§ 517. It follows from the nature of ratification as a necessary confirmation of a treaty already concluded that ratification must be either given or refused, no conditional or partial ratification being possible. That occasionally a State tries to modify a treaty in ratifying it cannot be denied, yet conditional ratification is no ratification at all, but equivalent to refusal of ratification. Nothing, of course, prevents the other contracting party from entering into fresh negotiations in regard to such modifications; but it must be emphasised that such negotiations are negotiations for a new treaty,[879] the old treaty having become null and void through its conditional ratification. On the other hand, no obligation exists for such party to enter into fresh negotiations, it being a fact that conditional ratification is identical with refusal of ratification, whereby the treaty falls to the ground. Thus, for instance, when the United States Senate on December 20, 1900, in consenting[880] to the ratification of the Hay-Pauncefote Treaty as regards the Nicaragua Canal, added modifying amendments, Great Britain did not accept the amendments and considered the treaty fallen to the ground.
[879] This is the correct explanation of the practice on the part of States, which sometimes prevails, of acquiescing, after some hesitation, in alterations proposed by a party to a treaty in ratifying it; see examples in Pradier-Fodéré, II. No. 1104, and Calvo, III. § 1630.
[880] It is of importance to emphasise that the United States' Senate, in proposing an amendment to a treaty before its ratification, does not, strictly speaking, ratify such treaty conditionally, since it is the President, and not the Senate, who possesses the power of granting or refusing ratification; see Willoughby, "The Constitutional Law of the United States" (1910), I. p. 462, note 14. The President, however, according to article 2 of the Constitution, cannot grant ratification without the consent of the Senate, and the proposal of an amendment to a treaty on the part of the Senate, therefore, comprises, indirectly, the proposal of a new treaty.
Quite particular is the case of a treaty to which a greater number of States are parties and which is only partially ratified by one of the contracting parties. Thus France, in ratifying the General Act of the Brussels Anti-Slavery Conference of July 2, 1890, excepted from ratification articles 21 to 23 and 42 to 61, and the Powers have acquiesced in this partial ratification, so that France is not bound by these twenty-three articles.[881]
[881] See Martens, N.R.G. 2nd Ser. XXII. (1897), p. 260.

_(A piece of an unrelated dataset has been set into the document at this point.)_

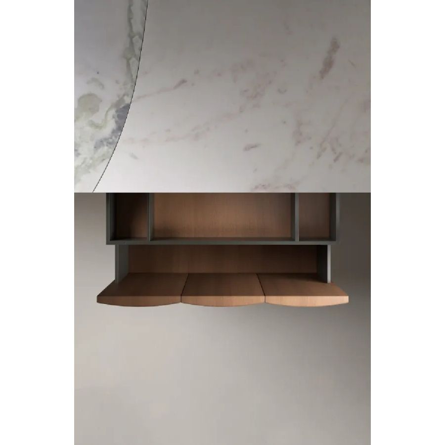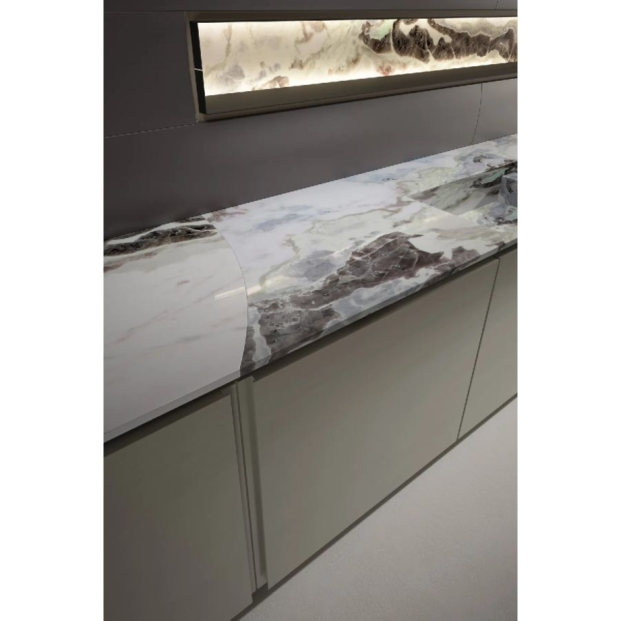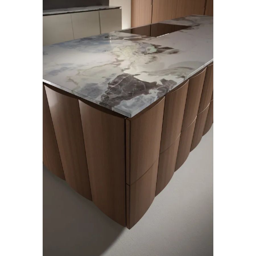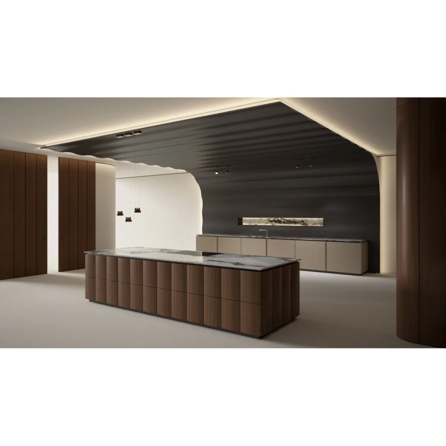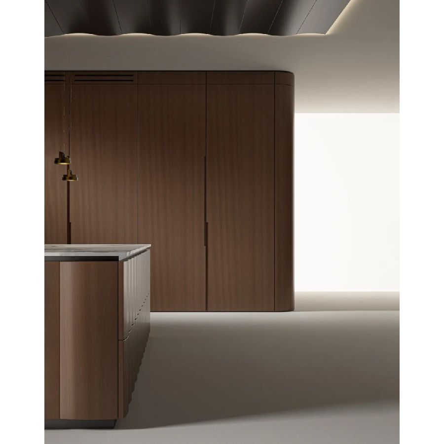 Bespoke kitchen project. Equipped island and columns, base units integrated with the Dune boiserie and ceiling. Sliding doors Dune.

But it must be emphasised that ratification is only then partial and conditional if one or more stipulations of the treaty which has been signed without reservation are exempted from ratification, or if an amending clause is added to the treaty during the process of ratification. It is therefore quite legitimate for a party who has signed a treaty with certain reservations as regards certain articles[882] to ratify the approved articles only, and it would be incorrect to speak in this case of a partial ratification.
Again, it is quite legitimate—and one ought not in that case to speak of conditional ratification—for a contracting party who wants to secure the interpretation of certain terms and clauses of a treaty to grant ratification with the understanding only that such terms and clauses should be interpreted in such and such a way. Thus when, in 1911, opposition arose in Great Britain to the ratification of the Declaration of London on account of the fact that the meaning of certain terms was ambiguous and that the wording of certain clauses did not agree with the interpretation given to them by the Report of the Drafting Committee, the British Government declared that they would only ratify with the understanding that the interpretation contained in the Report should be considered as binding and that the ambiguous terms concerned should have a determinate meaning. In such cases ratification does not introduce an amendment or an alteration, but only fixes the meaning of otherwise doubtful terms and clauses of the treaty.
Effect of Ratification.
§ 518. The effect of ratification is the binding force of the treaty. But the question arises whether the effect of ratification is retroactive, so that a treaty appears to be binding from the date when it is duly signed by the representatives. No unanimity exists among publicists as regards this question. As in all important cases treaties themselves stipulate the date from which they are to take effect, the question is chiefly of theoretical interest. The fact that ratification imparts the binding force to a treaty seems to indicate that ratification has regularly no retroactive effect. Different, however, is of course the case in which the contrary is expressly stipulated in the very treaty, and, again, the case when a treaty contains such stipulations as shall at once be executed, without waiting for the necessary ratification. Be this as it may, ratification makes a treaty binding only if the original consent was not given in error or under a delusion.[883] If, however, the ratifying State discovers such error or delusion and ratifies the treaty nevertheless, such ratification makes the treaty binding. And the same is valid as regards a ratification given to a treaty although the ratifying State knows that its representatives have exceeded their powers by concluding the treaty.